Xiao Yan melirik wajah muram Hun Yu. Dia melirik pertempuran kacau di kejauhan sebelum menggelengkan kepalanya. Tanpa menunda lebih lama, dia melangkah maju, dan aura yang sangat luas dan dahsyat tiba-tiba menyembur keluar dari tubuhnya ke segala arah!
Aura ini menyapu seluruh ruang saat muncul. Beberapa individu yang lebih lemah samar-samar merasakan tekanan.
“Puncak Sembilan Perubahan Dou Zun?”
Ekspresi para ahli netral di kejauhan tiba-tiba berubah ketika mereka merasakan kekuatan besar aura ini. Wajah mereka menunjukkan keterkejutan saat mereka menatap Xiao Yan. Mereka semua yakin bahwa Xiao Yan tidak memiliki kekuatan ini sebulan yang lalu!
Wajah Hun Yu berkedut saat itu. Ekspresinya menjadi sangat jelek. Baru saat itulah dia mengerti mengapa Xiao Yan tidak takut padanya. Jawabannya adalah karena kekuatan Xiao Yan sudah jauh melampauinya…
“Lalu bagaimana jika kekuatanmu berada di perubahan kesembilan puncak Dou Zun? Apa kau pikir aku takut padamu?”
Hun Yu menarik napas dalam-dalam. Dia menekan keterkejutannya di hatinya saat segel yang dibentuk oleh tangannya berubah. Sebuah tato klan perlahan muncul di alisnya. Auranya tiba-tiba melonjak ketika tato klan ini muncul. Auranya mendekati level Xiao Yan dalam sekejap mata…
“Perubahan kedelapan, ya. Sayangnya, ini masih belum cukup…”
Xiao Yan tersenyum dan menggelengkan kepalanya setelah merasakan aura Hun Yu.
“Kita akan tahu apakah itu cukup setelah saling bertukar pukulan!”
Hun Yu tertawa dingin.
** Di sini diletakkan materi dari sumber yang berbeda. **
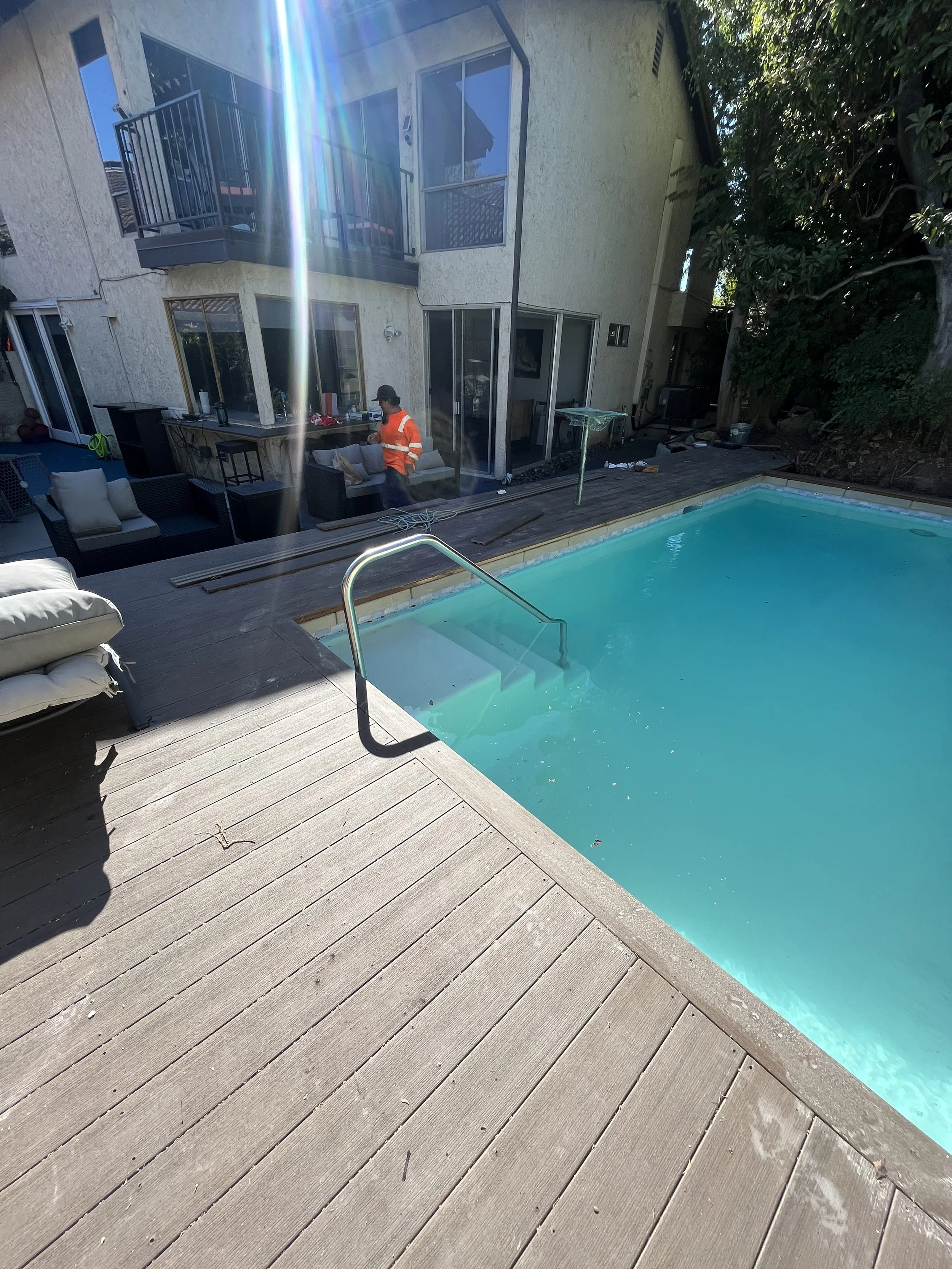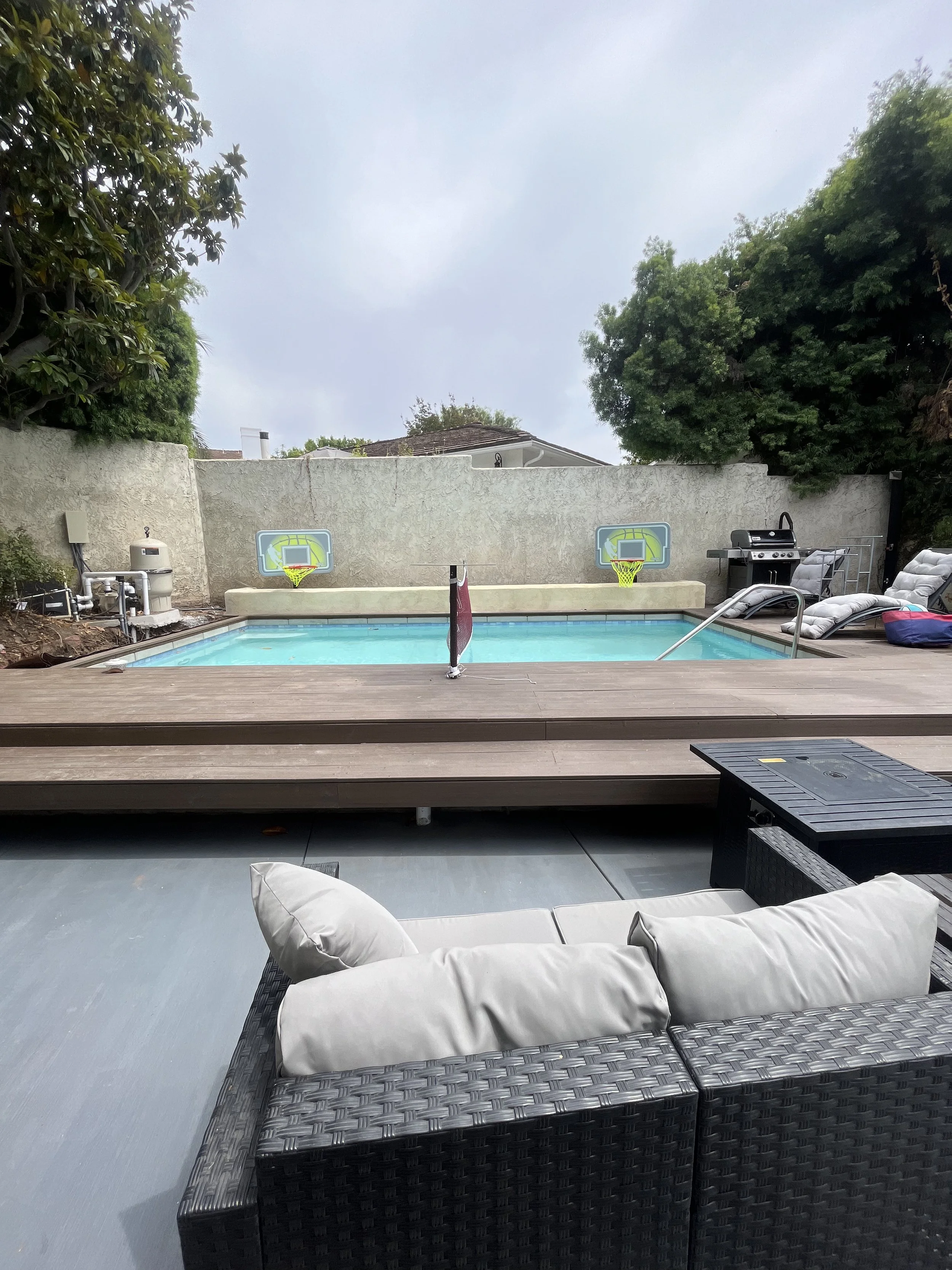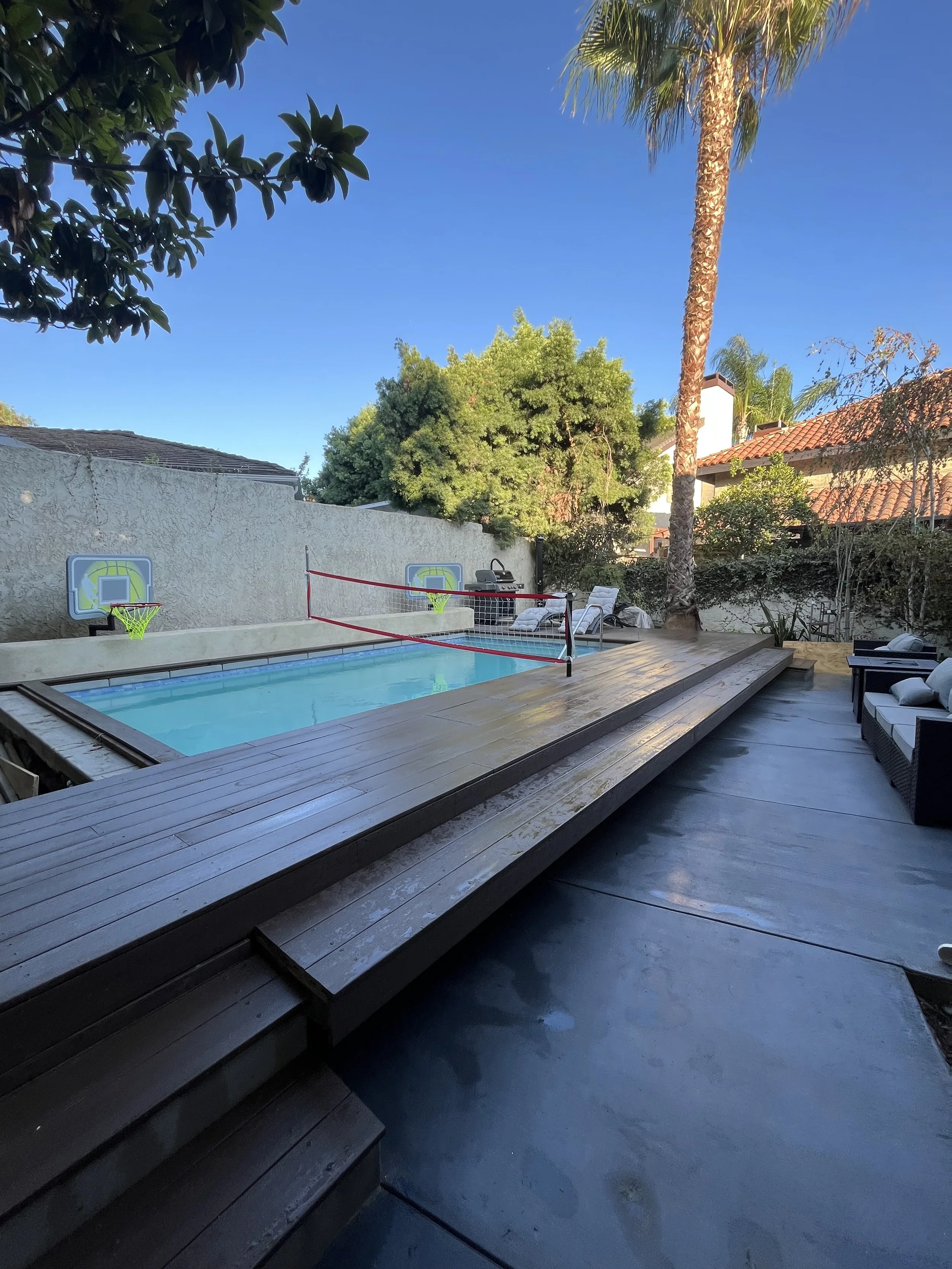 A waterfront home designed as a private retreat, this backyard was envisioned as a vacation-like escape—perfect for unwinding and hosting family and friends. The design features a pool, expansive deck, outdoor shower, and curated furnishings for effortless leisure and entertainment.

Segel tangannya berubah, dan dia membentuk banyak segel rumit. Dou Qi dingin di dalam tubuhnya membentuk telapak tangan hitam yang menakutkan di depannya dengan kecepatan kilat. Jeritan memilukan yang tajam terus keluar dari telapak tangan itu. Ada wajah buas yang samar-samar terlihat di atasnya.
“Telapak Penghancur Jiwa!”
Hun Yu berteriak marah setelah jeritan memilukan dari telapak tangan itu semakin intens. Telapak tangan hitam pekat itu dengan cepat melesat ke arah Xiao Yan dengan kecepatan kilat.
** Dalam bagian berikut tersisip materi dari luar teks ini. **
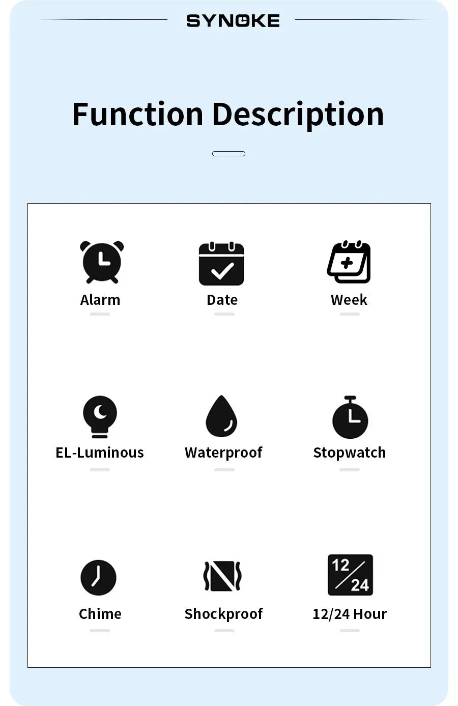 • LED Light Feature :The LED light feature of the Synoke watch allows for easy visibility in low light conditions, enhancing its practicality for outdoor use.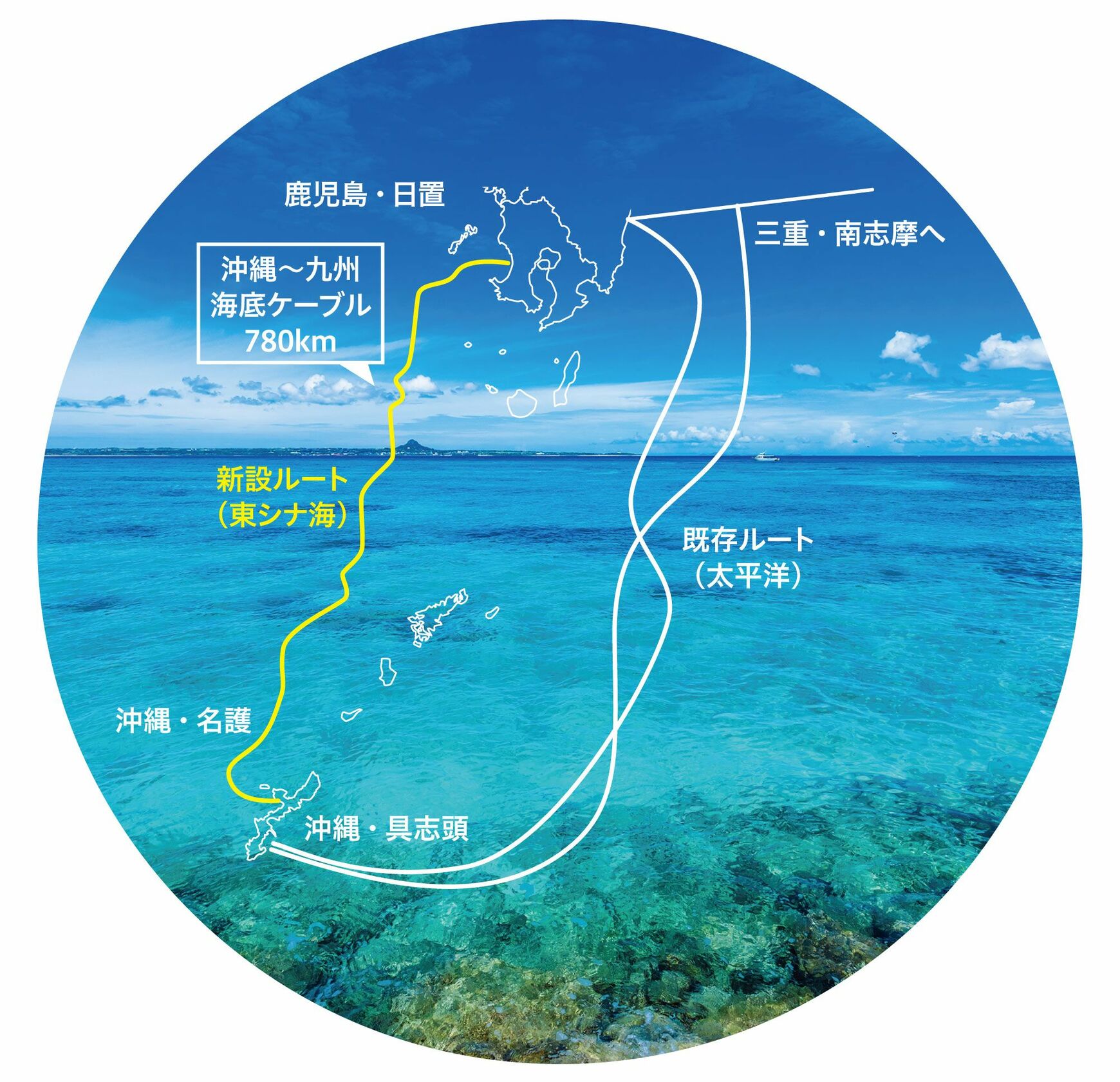 沖縄セルラーが敷設した、沖縄と本土を結ぶ海底ケーブル。既存の東ルート(太平洋側に)と合わせて、東西2ルート化が実現した

Telapak tangan hitam pekat itu tidak terlalu besar, tetapi mengandung Dou Qi yang sangat gelap, dingin, dan kuat. Hun Yu mengerti bahwa dia akan kalah jika dia tidak menggunakan semua kekuatannya melawan Xiao Yan yang jauh lebih kuat.
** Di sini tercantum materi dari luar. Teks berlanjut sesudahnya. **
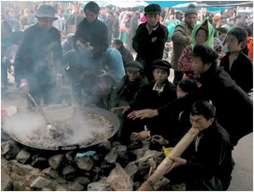Cạnh khu mua bán là khu vực hàng ăn với những chảo thắng cố to, nóng hôi hổi cùng những chai rượu ngô thơm nồng. Bên cái bàn thấp tè, dăm cái ghế băng cũ kỹ, thắng cố được múc ra, rượu ngô rót đầy bát, những người đàn ông ăn thắng cố, uống rượu ngô; còn đàn bà ngồi cạnh chờ chồng, trò chuyện, đôi tay mải miết se sợi. Người Mông đi chợ cũng là chơi chợ. Do đặc thù vị trí địa lý, mỗi nhà cách nhau đến cả quả núi nên chợ là nơi giao lưu, gặp gỡ.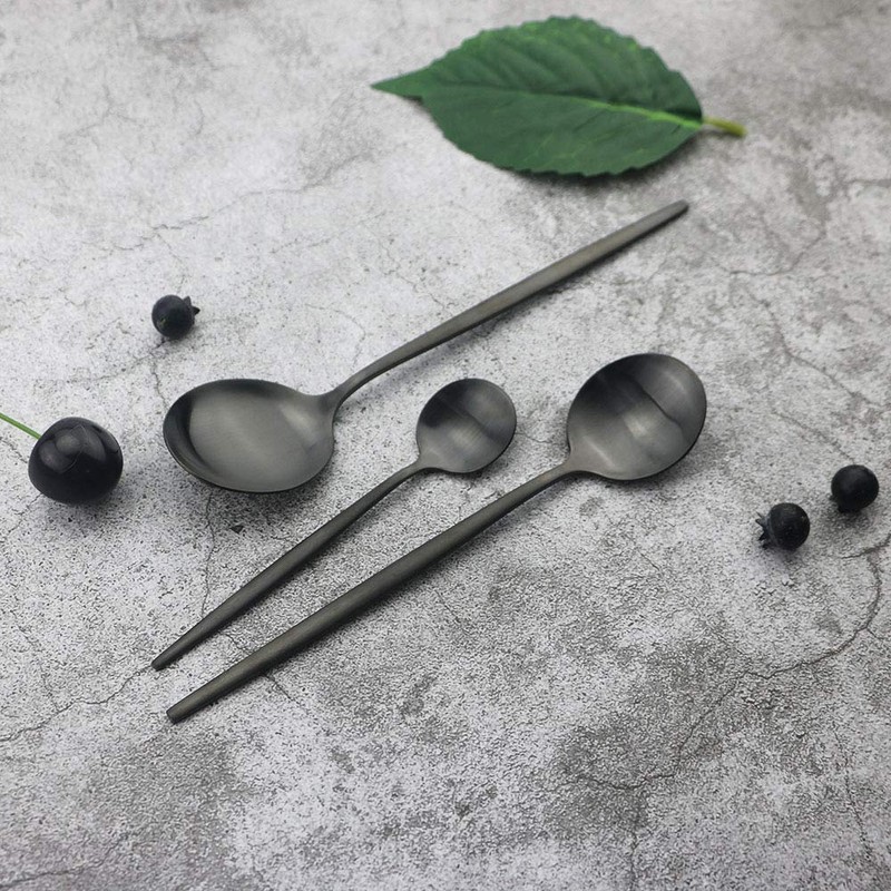 - 【Unique Design】 Durable stainless steel: Crafted by premium rustproof black stainless steel, the black matte flatware set will not easy bend or break, the proper thickness and weight ensure to provide comfortable grip, safe washing or cleaning.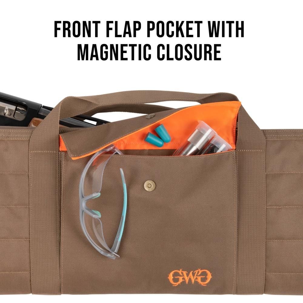 The GWG® Highland Shotgun Case is designed to fit shotguns up to 52-inches. The exterior is made of a quilted polyester material finished with brass finish hardware.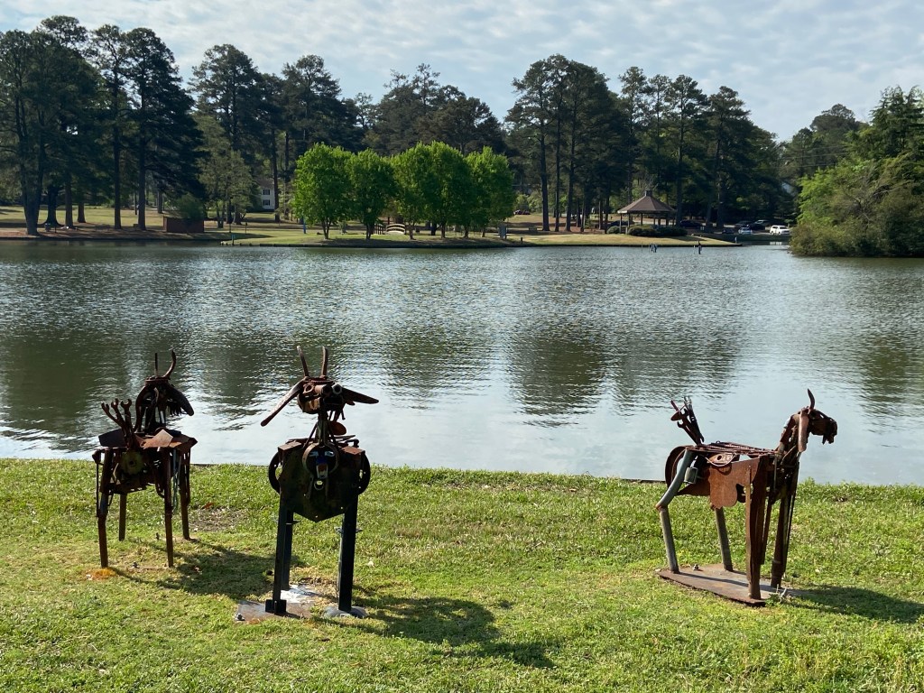 City Lake has undergone renovations over the years, with a complete beautification project in 1993. Today, there’s a half-mile walking trail circling the lake, a gazebo, and a fountain. Whimsical metal sculptures have been added in recent years.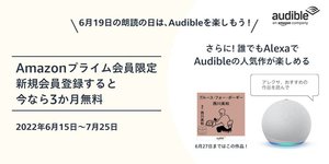 Amazonの聴く読書サービス「Audible(オーディブル)」は、6月19日の「朗読の日」にあわせ、Amazonプライム会員を対象にした3ヶ月無料キャンペーンを本日6月15日より実施する。

“Aku sudah bilang… itu tidak cukup.”
Xiao Yan terus menggelengkan kepalanya perlahan bahkan saat telapak tangan Hun Yu yang kuat terus mendekatinya. Setelah itu, dia mengambil dua langkah lembut ke depan dan muncul di depan telapak tangan Hun Yu. Hun Yu menatap dengan mata terkejut saat api panas tiba-tiba menyembur keluar dari tangan kanan Xiao Yan. Akhirnya, api itu dengan lembut menghantam telapak tangan hitam pekat itu.
“Retakan!”
Kebuntuan berlangsung sesaat ketika keduanya bertabrakan. Setelah itu, semua orang yang menyaksikan tercengang melihat telapak tangan hitam pekat, yang telah mengumpulkan sebagian besar Dou Qi Hun Yu, dengan mudah hancur oleh serangan acak tangan Xiao Yan… Kekuatan
ini benar-benar menekan serangan itu karena berasal dari tingkat yang sama sekali berbeda.